Of households that earned more than $200,000 in 2011, 95 percent donated to at least one charity, according to the 2012 Bank of America Study of HIgh Net Worth Philanthropy. Charitable giving made up about 9 percent of their total wealth in all.
That's a 3 percent drop from a peak of 98 percent in 2009, but still 30 percent more than the 65 percent or so less well-heeled Americans who contribute.
In dollars and cents, America's richest families donated $52,770 on average, down about 9 percent from 2009's high of $56,621.
But rather than just mailing checks, it turns out wealthier Americans have been putting more stock in active volunteering.

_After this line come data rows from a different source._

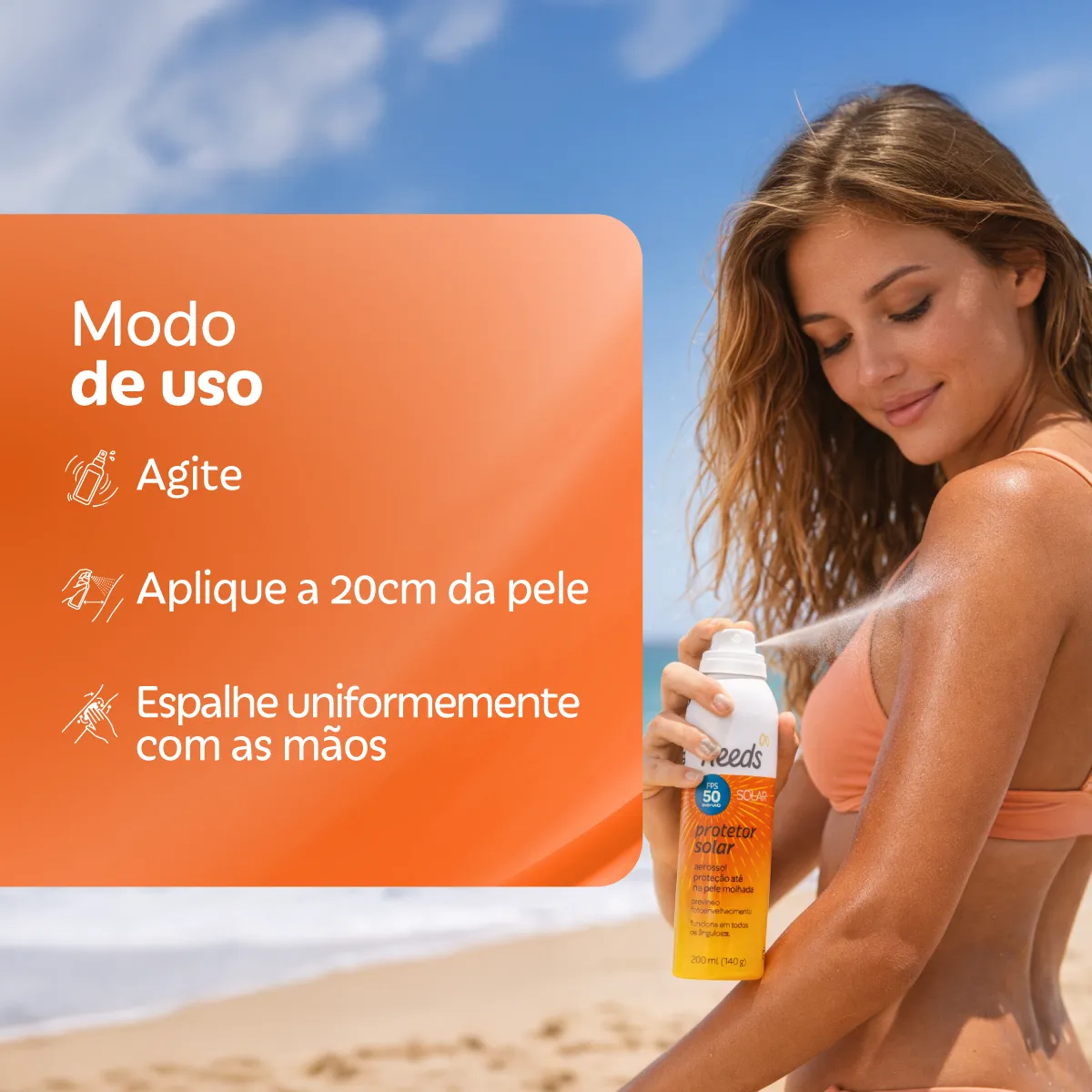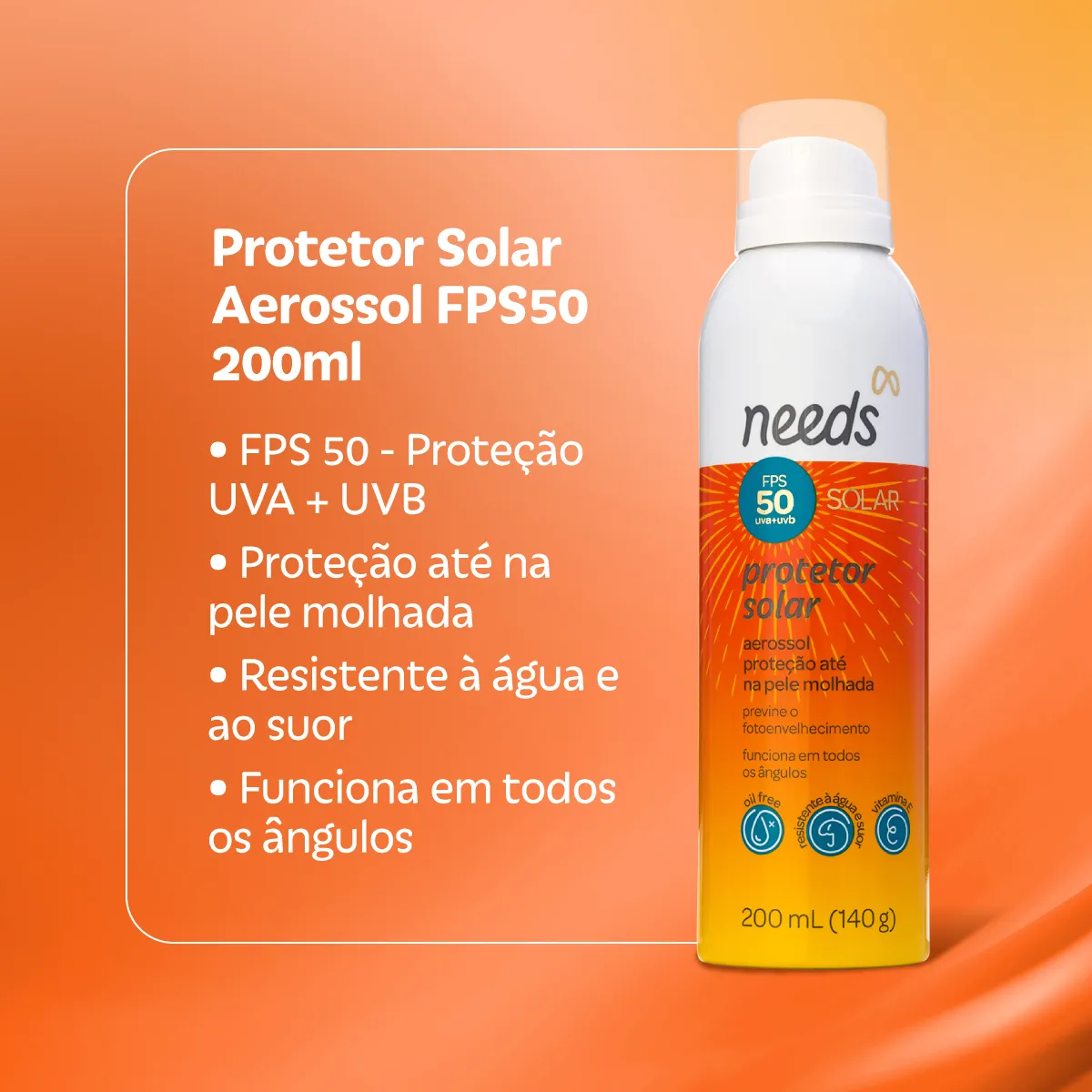 O que é: Protetor solar corporal em aerossol com FPS 50 em apresentação de 200ml. O produto é oil free e resistente à água e ao suor.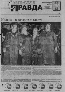 Доволенский район P A R f l A ¡¡¡Г # 4 Щндо шшшт №46 (8878) Суббота 14 НОЯБРЯ 2020 года Основана в 1934 году / Адрес эл. почты: dvlnew1@gmail.com / Газета выходит в субботу 16+ Животноводство Молоко - в подарок за заботу На фото Елизаветы Зубиковой: передовые доярки ООО «Ярковское» (слева направо): Надежда Зайцева, Татьяна Минор, Валентина Суздальцева, Александра Гребенькова. Итоги в животноводстве принято подводить в октябре. Валовое производство молока по всем хозяйствам района составило за весь период 77 889 ц. ООО «Ярковское» продолжает уже несколько лет подряд занимать лидирующие позиции в этом направлении. Результаты хозяйства по надоям нынешнего года превысили прошлогодние на 500 кг. Доярки беспривязной базы побили собственные рекорды. Например, Александра Гребенькова - семитысячница(!), надои в её группе уже превысили 7 002 кг на фуражную корову с начала года. В этой профессии женщина уже более 30 лет и о другой даже и не думает, к тому же, по её словам, это совсем не сложно, когда на работу идешь с удовольствием. Татьяна Минор и Валентина Суздальцева тоже добились отличных результатов - около 6 500 тонн молока на каждую (!). Ничуть не отстает от своих коллег и подменная доярка Надежда Зайцева. - Относиться к коровам нужно как к людям, и поздороваться, и слово ласковое сказать, и внимание уделить каждой, - рассказывает Александра Гребенькова. - К тому же о многом говорит и опыт, за всё проведенное на ферме время я знаю коров не только по кличкам, но и по всем характеристикам: система доения, молочные возможности. Подопечные тоже не остаются в долгу и платят дояркам за их заботу большим молоком. -В среднем на фуражную корову в хозяйстве с начала года надоили 5 222 кг, это самый высокий уровень и почти на 1 500 кг больше среднего по району. Труд доярок на сегодняшний день считается одним из сложных на селе: ранние подъемы, большие физические нагрузки, и хоть он и облегчен в техническом плане доильными установками, но все же требует крепкого здоровья, выносливости, выдержки и, конечно, любви к животным. Как раз всех этих качеств не занимать у ярковских передовиц. Три раза в день они спешат к своим подопечным, оставляя дома заботы по хозяйству. У каждой доярки в группе около 70 голов, сейчас это число уменьшается, но совсем не надолго. Проходит выбраковка старого и малопроизводительного скота, ведь впереди - растел нетелей. Новые животные - новые трудности: раздоить, приучить к своему месту, стаду. А впереди и открытие новой базы, где будет содержаться 360 нетелей. Но и это не пугает доярок. От их улыбок и веселого смеха у окружающих тоже поднимается настроение. (Об итогах года в ярковском хозяйстве читайте на стр. 5.) 15. 11 16. 11 17. 11 18. 11 19. 11 20. 11 21. 11 -W - -2 -5 -9 -7 -9 СВ ^ 3 м/с СВ £ 6 м/с Ю t 5 м/с Ю ф 5 м/с Ю 3 м/с СВ 1^ 2 м/с СВ 1^ 2 м/с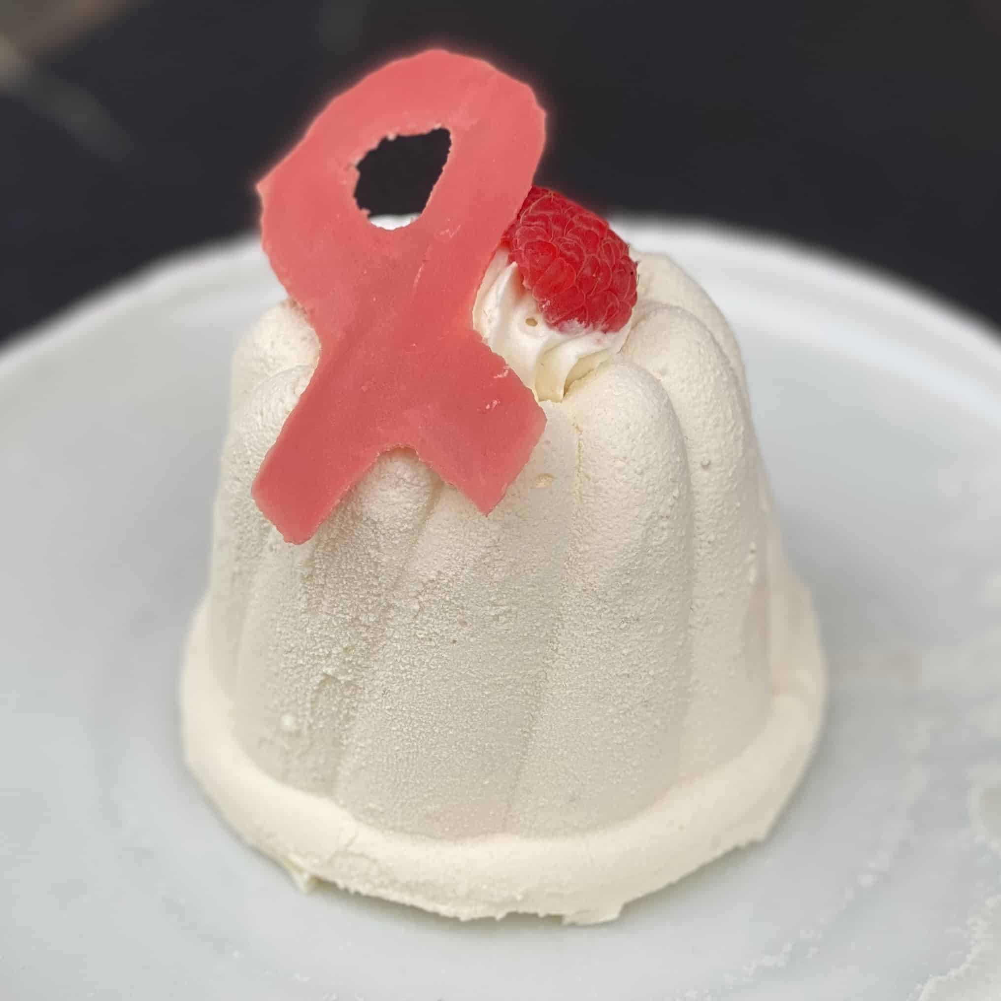 Biscuit japonais, namelaka et mousse vanille bio, cœur framboise eau de rose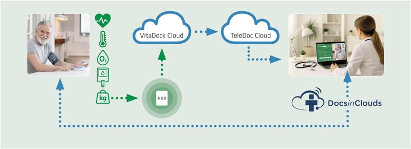 Medizinisches Fachpersonal greift sofort über eine cloudbasierte Plattform – TeleDoc by Docs in Clouds – auf die Daten zu. Dies ermöglicht: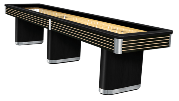 The Heritage Shuffleboard Table is made from Solid Wood and features modern, flat paneled cabinet with natural maple accents and pedestal base legs with Brushed Aluminum Trim on legs and apron. All Olhausen Shuffleboards are hand-crafted at our 250,000 sq. ft. manufacturing facility in Portland, TN.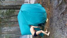 - Завернуть стенки тента вверх, занести тент над грудой нагретых камней и аккуратно опустить стенки, оттянуть верхние оттяжки и надежно закрепить колышками, подвязать к стойкам нижние оттяжки.

Nearly 90 percent of high earning households volunteered in 2011, a healthy 10 percent surge over 2009. More than one-third contributed 200 hours or more.
Most households contribute to several causes, but the vast majority favor education and basic needs, which receive funds from about 80 percent of high income families. More than two-thirds take an interest in arts and culture as well.
However, religion is still king when it comes to attracting high worth donors. More than 35 percent of wealthy households gave the biggest chunk of change to religious organizations, with education drawing funds from 10 percent fewer donors.
Oddly enough, more wealthy donors are seeking outside guidance on where to channel their cash than ever. Forty percent admitted they asked at least one advisor (usually an accountant) for advice on charitable giving. Much of that might have to do with where their cash is going. Of those who donated to donor-advised funds, foundations and charitable trusts, about one-third went to a bank or trust company for advice first.